Mindsets of Nostalgia

Extroverted or successful people in social situations tend to be sensitive and appropriately responsive to verbal and nonverbal cues. 

On the nonverbal level, much information is communicated telepathically without our conscious awareness. Humans have evolved to notice body language and subtle clues during social interactions that allow us to adhere to societies norms. Maintaining eye contact with someone portrays confidence, but staring at the eyes of another person for too long won’t win you any friends. Mimicking another’s body language can lead to positive social outcomes such as an unspoken rapport or a sense of unconscious trust, and yet mimicking another’s dialect or accent is a bit weird (and yet I am guilty of this). Yawning can perhaps signal boredom and disinterest, and yet research suggests that yawning serves an important neurological function in improving alertness and concentration, lowering stress and regulating brain temperature. Verbal conversation functions simarlily; people who talk too much are annoying, but so are people that hardly talk at all. Over a lifetime people develop and learn the implicit social rules of responsiveness to a greater or lesser degree.

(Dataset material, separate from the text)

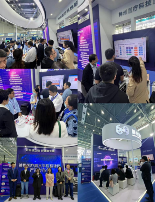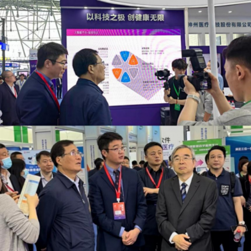 (中国卫生信息与健康医疗大数据学会会长金小桃、国家卫生健康委规划发展与信息化司司长毛群安莅临神州医疗展位视察指导。)

When engaging students in immersive gaming environments, people new to the medium talk about the difficulty they have relaying information due to a lack of visual body language clues, the lack of ‘control’ or the ‘impersonal’ feel of the space. Granted, it’s a little different at first but this is due to the medium’s affordances differing to traditional settings in both style and space – it’s not really the space itself though, but that the space demands a shift in control, and as a consequence people feel uncomfortable. Giving up this power/control struggle is seen as relinquishing one’s duty as a teacher – but this mindset is one that is steeped in tradition and nostalgia.

The Greek word for “return” is nostos. Algos means “suffering.” So nostalgia is the suffering caused by an unappeased yearning to return. ― M. Kundera

The story of Odysseus is a good illustration of nostalgia as it was originally conceived. Odysseus’s epic 10 year journey can be seen as a hero experiencing nostalgia as he struggles to return to the way things were and get back to his home and ultimately his wife in Ithaca.

Current definitions of nostalgia generally follow a sentimental longing for the past, especially in reference to how things used to be better (whether they were or not). Games have now been around for long enough that it’s not uncommon to encounter people thinking romantically about the good old days of gaming, when 20 cents got you three lives and there were no such things as health packs. (Personally, the other week, I found myself wanting to play the classic old arcade game Pengu…)

Nostalgia creeps into our everyday lives without people giving it any thought – the floppy disk icon for the save function in Microsoft Word or the most recent example of nostalgic nonsense of cc’ing someone on twitter when including them in a tweet.

Carbon copying was the technique of using carbon paper to produce one or more copies simultaneously during the creation of paper documents. With the advent of email, the legacy of ‘cc’ was kept and referred to sending someone who was a secondary recipient of an email a copy of the original. With Twitter this isn’t necessary, and yet people insist on ‘cc’ing…

Nostalgia causes ignorance. When you long and constantly think about the past you do not pay attention to what goes on in front of you and you apply old ways of thinking to new questions. You do old things in new circumstances. This isn’t to say we should ignore the past. We learn from others and become well-versed in the literature, but we see further than others because we stand on the shoulders of those who have come before us.

Will we ever overcome the nostalgic yearning for the good old days of education? Maybe. What we can do now though is have an open mind and come to the realisation that everything changes. Celebrate the power of being in the now and have a rational perspective on things. We cannot be dismissive of new ways of learning and new environments. An incredible amount of hubris and arrogance is involved when spending 5 minutes with something and then being dismissive of it. Playing a game for only 5 minutes is like listening to classical music for 5 minutes and then making a judgement – you are not going to be able to understand the nuances or the complexities in that short time frame.

Gaming environments are empowering for the introverts among us. They give introverts a sense of freedom, social agency and confidence that they would not have otherwise. The doubters need to throw away their nostalgic yearnings because many are using this as a way of avoiding the present – and by not thinking about the present, you risk your students’ future.